А теперь мне оставалось только сидеть и ждать, какой выбор сделает Боб. Если он останется со мной, это будет его решение. И только его.

Я чувствовал, что очень скоро получу ответы на все свои вопросы.

Когда пришли результаты последних анализов, врачи сказали, что лекарство не сработало из-за низкой дозировки. Они собирались исправить ошибку и попросили меня задержаться в больнице, чтобы проверить, подействует ли оно теперь.

– Всего на пару дней, мистер Боуэн. Нам нужно убедиться, что лекарство работает и не дает побочных эффектов.

Бэлль пришла меня навестить, занесла несколько книг, комиксы и свежие новости о Бобе:

– С ним все в порядке. Кажется, он очаровал еще кого-то из соседей, и теперь его подкармливают уже несколько человек. Шесть ужинов для него не предел!

Врачи наконец подобрали нужную дозировку; отек начал спадать, ужасный багровый оттенок постепенно исчезал. Медсестры и доктора видели, что я иду на поправку, и не давали мне валяться без дела.

– Если будете лежать целый день, только хуже сделаете, – не уставали повторять они.

Поэтому я вставал и бродил по больничным коридорам. Мне было в радость не морщиться от боли при каждом шаге, так что я не сопротивлялся. Когда я переносил вес тела на ногу, мне больше не казалось, что меня бьет током. Боль не исчезла совсем, но стала гораздо тише.

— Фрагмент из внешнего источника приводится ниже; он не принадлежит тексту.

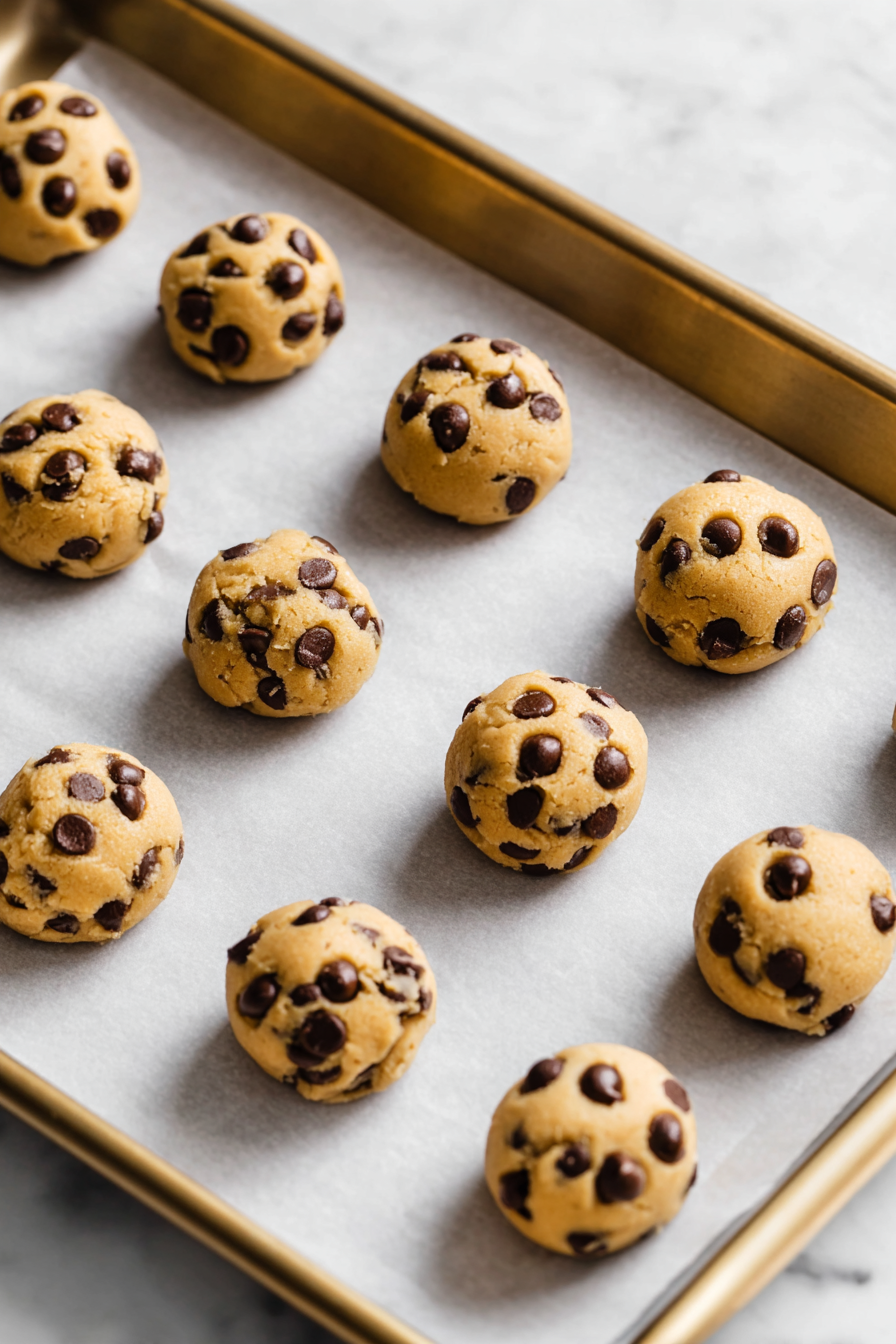 Using a 1 & 1/2-oz. scoop (3 tbsp), portion out 16 balls of dough and place them on 2 parchment-lined baking sheets.

Верные своему слову, доктора выписали меня ровно через неделю. Я поспешил написать об этом Бэлль. Она пообещала во второй половине дня зайти за мной в больницу.

Времени на оформление всяких бумаг потребовалось больше, чем я рассчитывал, поэтому освободился я только к вечеру. Снял уже поднадоевшую пижаму, переоделся, собрал вещи и направился к выходу. Костыли я на всякий случай взял с собой, хотя больше в них не нуждался. Нога работала отлично.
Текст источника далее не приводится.